◆ Assignment ◆
Go through the data and copy every line exactly, but not the images.

◆ The data ◆
-------------------------
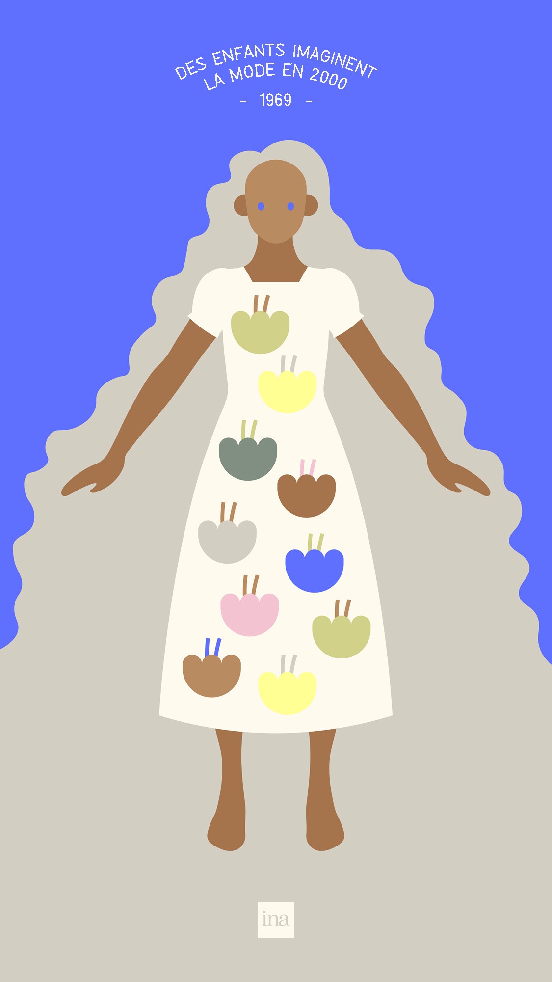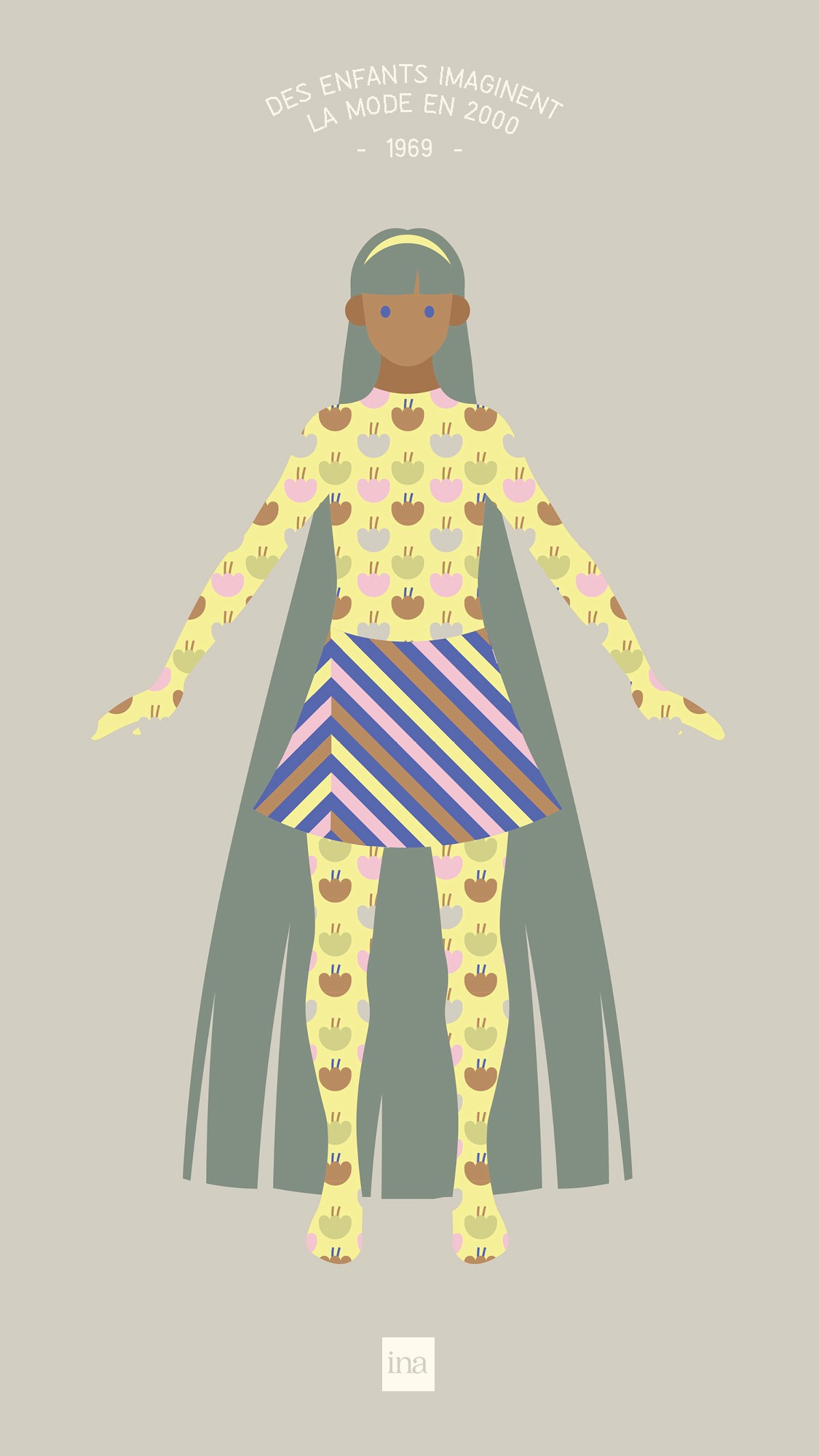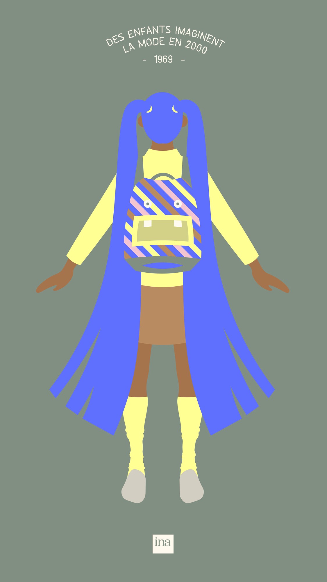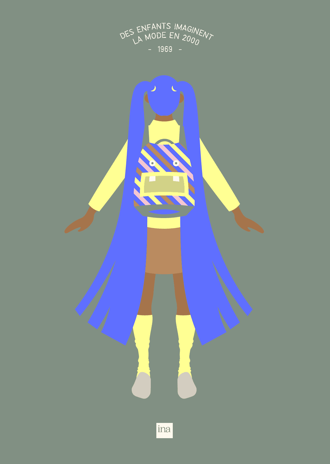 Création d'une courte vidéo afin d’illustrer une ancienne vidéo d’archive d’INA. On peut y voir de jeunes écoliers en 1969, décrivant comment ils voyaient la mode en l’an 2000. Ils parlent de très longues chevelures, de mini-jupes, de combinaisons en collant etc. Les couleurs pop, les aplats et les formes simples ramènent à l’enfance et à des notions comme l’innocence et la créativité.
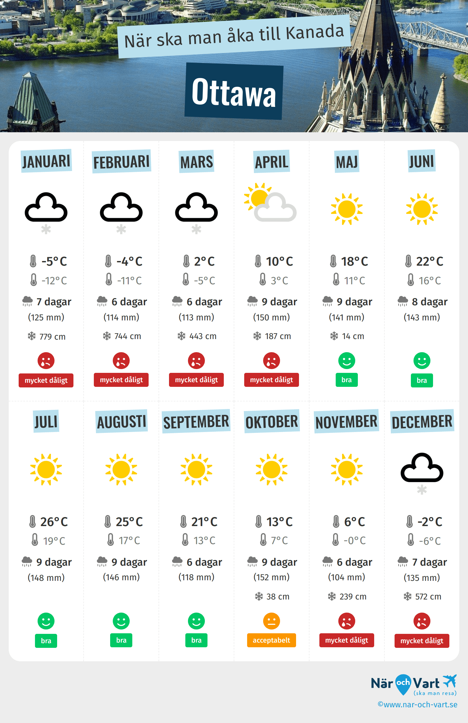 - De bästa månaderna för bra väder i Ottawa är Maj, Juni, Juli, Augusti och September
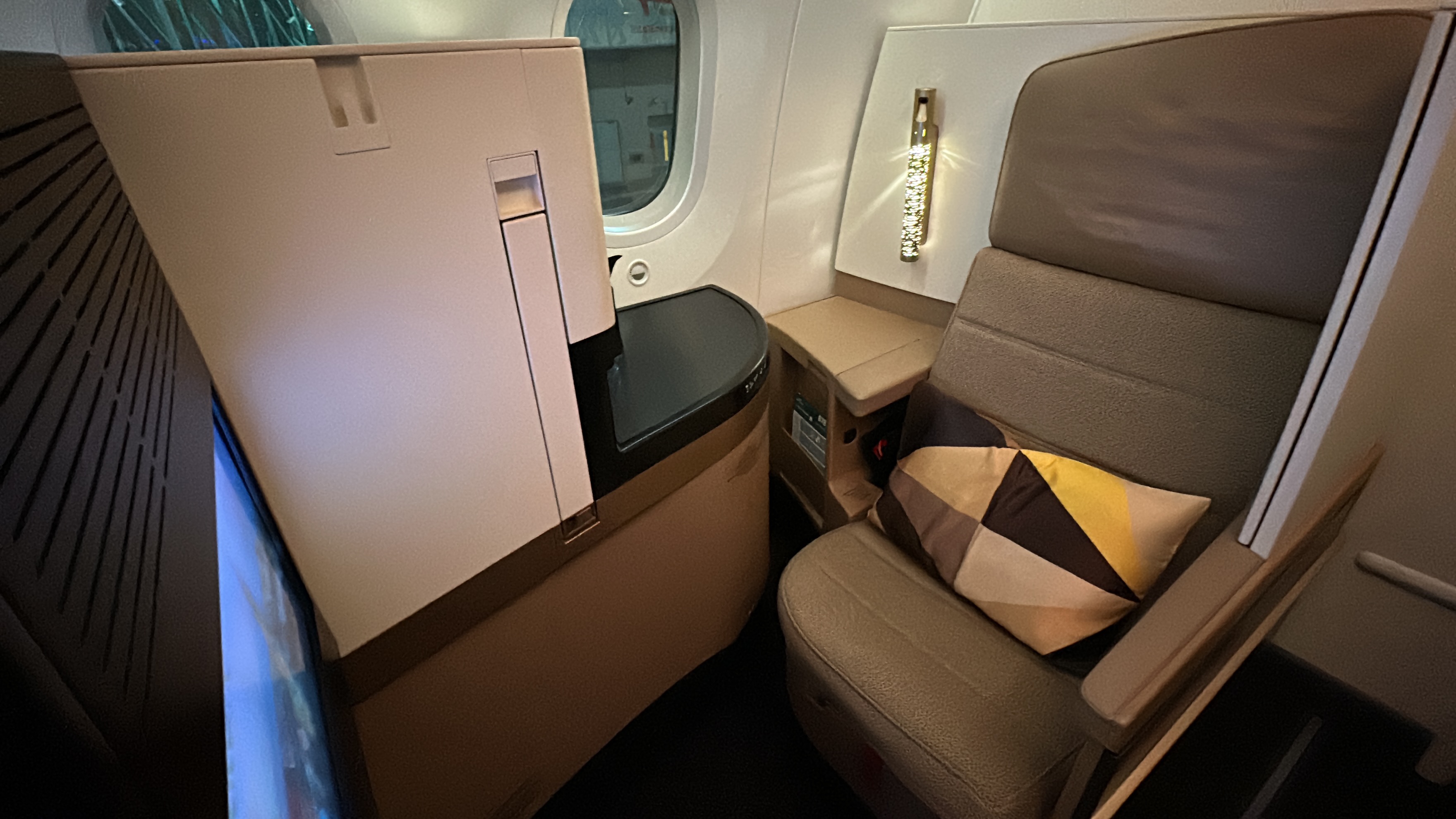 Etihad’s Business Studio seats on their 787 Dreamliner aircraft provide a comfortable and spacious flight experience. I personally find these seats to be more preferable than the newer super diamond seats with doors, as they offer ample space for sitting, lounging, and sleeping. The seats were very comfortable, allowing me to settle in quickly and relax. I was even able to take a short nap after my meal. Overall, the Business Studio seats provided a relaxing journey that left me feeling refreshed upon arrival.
-------------------------
◆ Task answer ◆
 Création d'une courte vidéo afin d’illustrer une ancienne vidéo d’archive d’INA. On peut y voir de jeunes écoliers en 1969, décrivant comment ils voyaient la mode en l’an 2000. Ils parlent de très longues chevelures, de mini-jupes, de combinaisons en collant etc. Les couleurs pop, les aplats et les formes simples ramènent à l’enfance et à des notions comme l’innocence et la créativité.
 - De bästa månaderna för bra väder i Ottawa är Maj, Juni, Juli, Augusti och September
 Etihad’s Business Studio seats on their 787 Dreamliner aircraft provide a comfortable and spacious flight experience. I personally find these seats to be more preferable than the newer super diamond seats with doors, as they offer ample space for sitting, lounging, and sleeping. The seats were very comfortable, allowing me to settle in quickly and relax. I was even able to take a short nap after my meal. Overall, the Business Studio seats provided a relaxing journey that left me feeling refreshed upon arrival.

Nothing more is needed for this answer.